**Source data**.
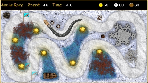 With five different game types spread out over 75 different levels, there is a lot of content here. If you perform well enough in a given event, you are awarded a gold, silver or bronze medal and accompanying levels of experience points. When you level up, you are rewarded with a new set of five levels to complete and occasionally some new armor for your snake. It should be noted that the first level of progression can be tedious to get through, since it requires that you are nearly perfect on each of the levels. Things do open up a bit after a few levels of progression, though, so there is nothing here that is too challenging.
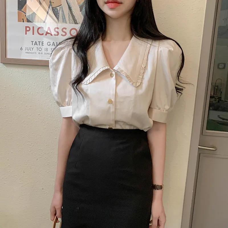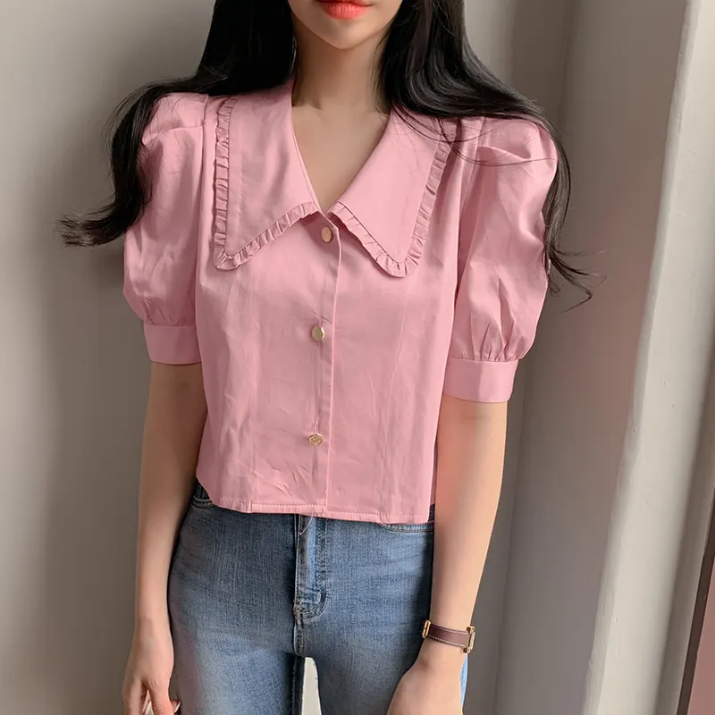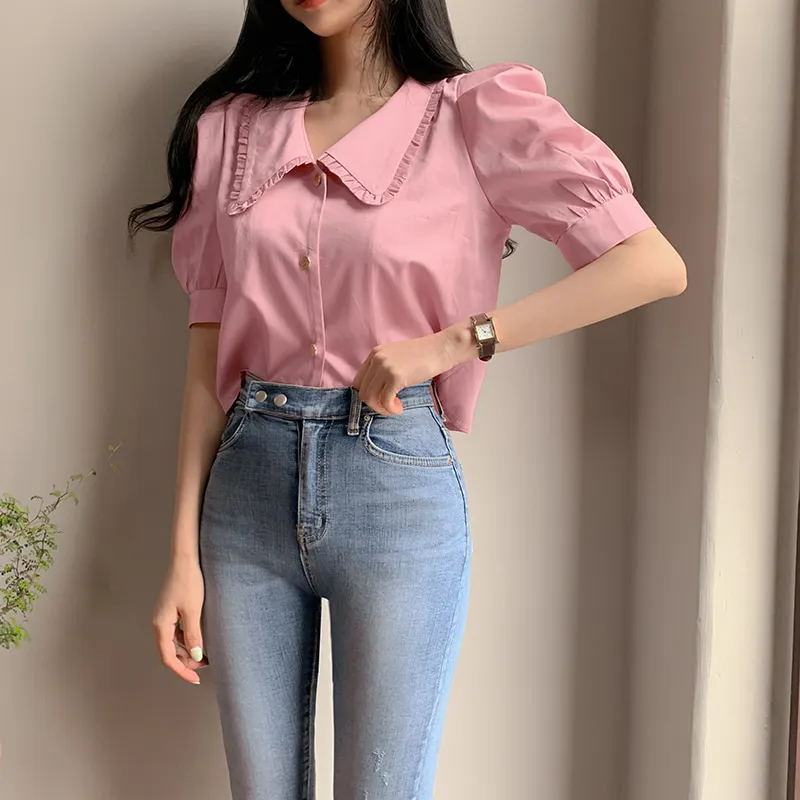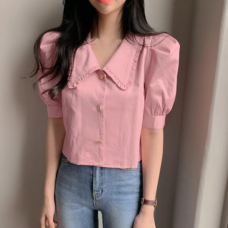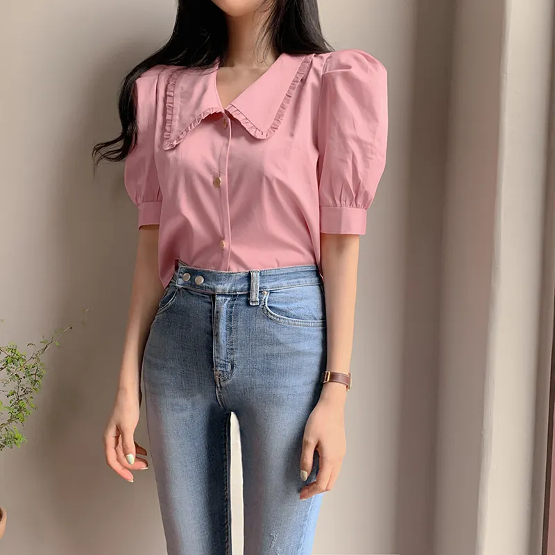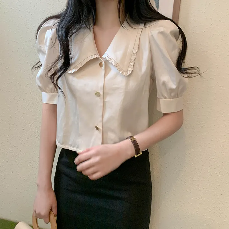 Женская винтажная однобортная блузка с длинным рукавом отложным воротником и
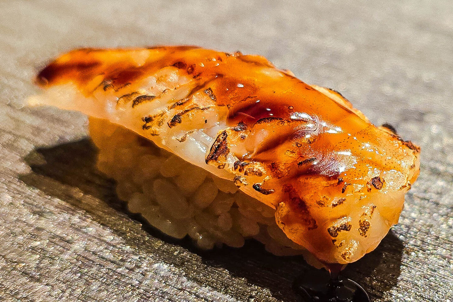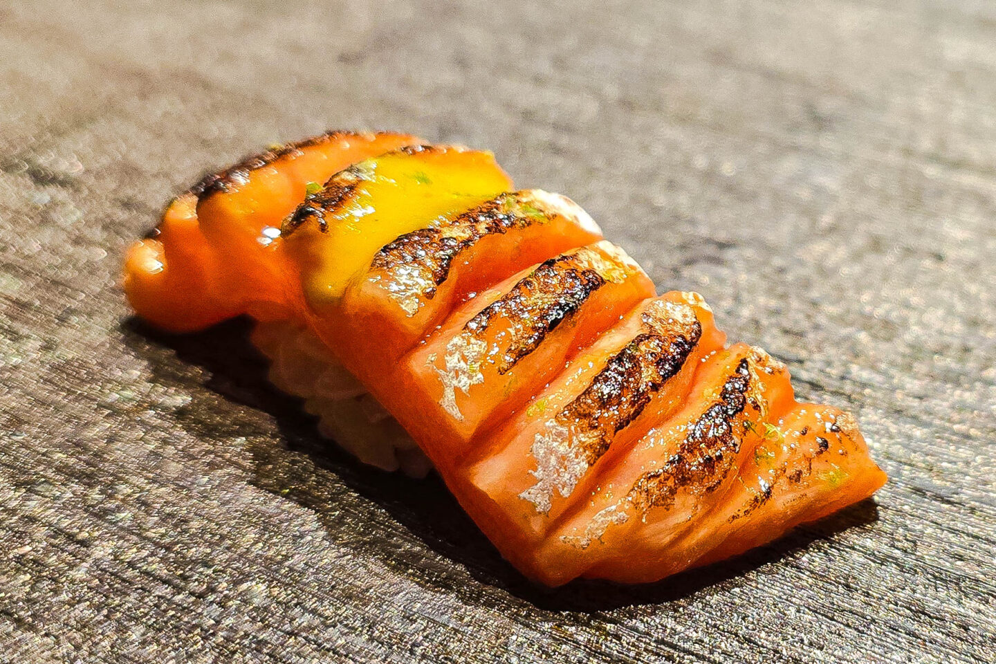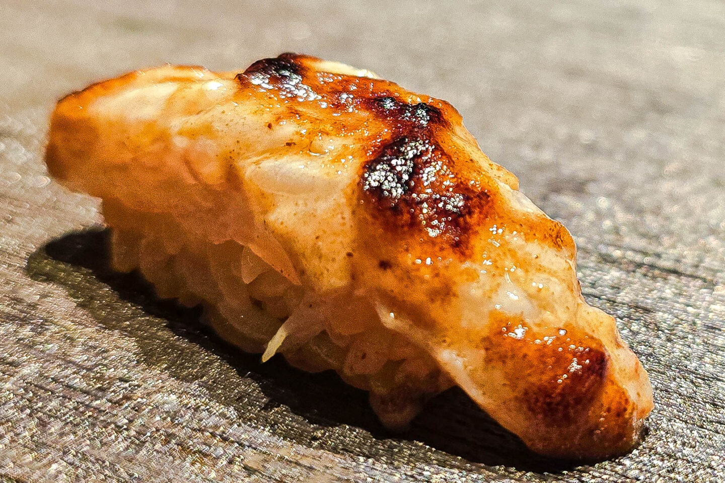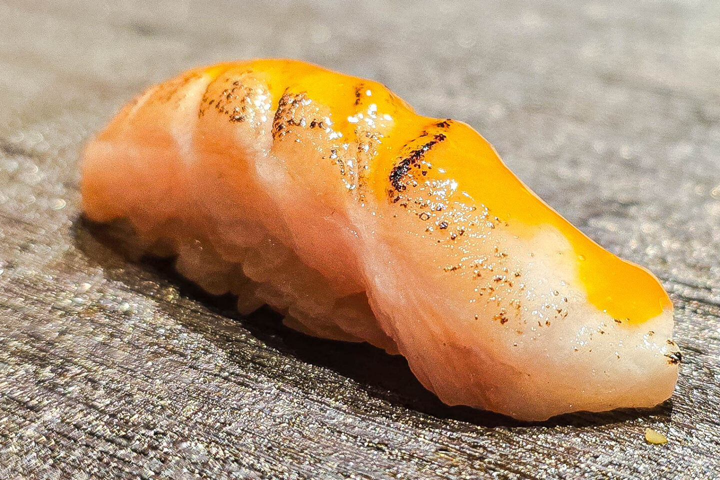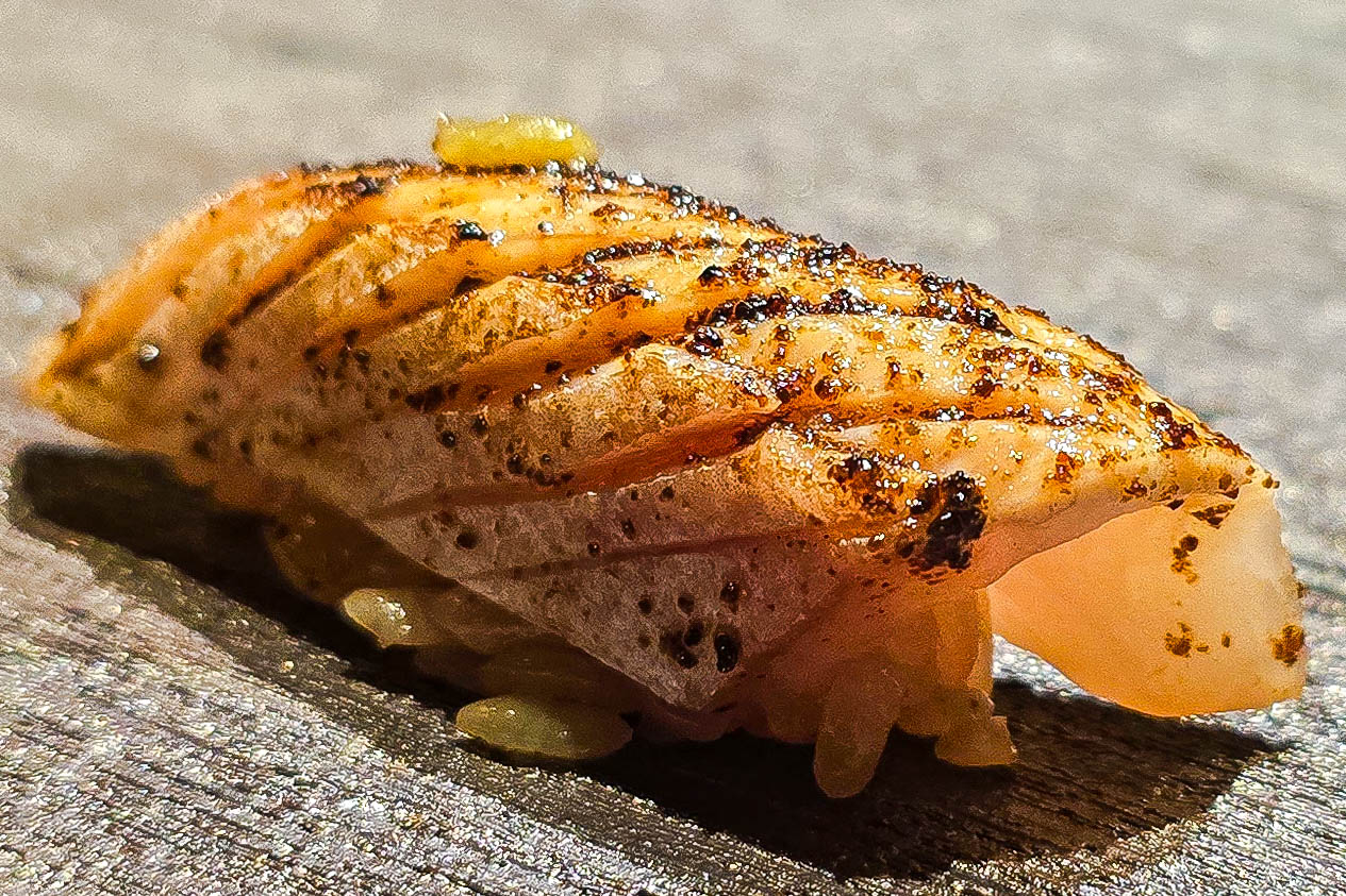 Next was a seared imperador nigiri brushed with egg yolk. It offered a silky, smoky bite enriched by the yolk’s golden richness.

**Assignment**. Write out the material above precisely, leaving each picture behind.

**Your response**.
 With five different game types spread out over 75 different levels, there is a lot of content here. If you perform well enough in a given event, you are awarded a gold, silver or bronze medal and accompanying levels of experience points. When you level up, you are rewarded with a new set of five levels to complete and occasionally some new armor for your snake. It should be noted that the first level of progression can be tedious to get through, since it requires that you are nearly perfect on each of the levels. Things do open up a bit after a few levels of progression, though, so there is nothing here that is too challenging.
 Женская винтажная однобортная блузка с длинным рукавом отложным воротником и
 Next was a seared imperador nigiri brushed with egg yolk. It offered a silky, smoky bite enriched by the yolk’s golden richness.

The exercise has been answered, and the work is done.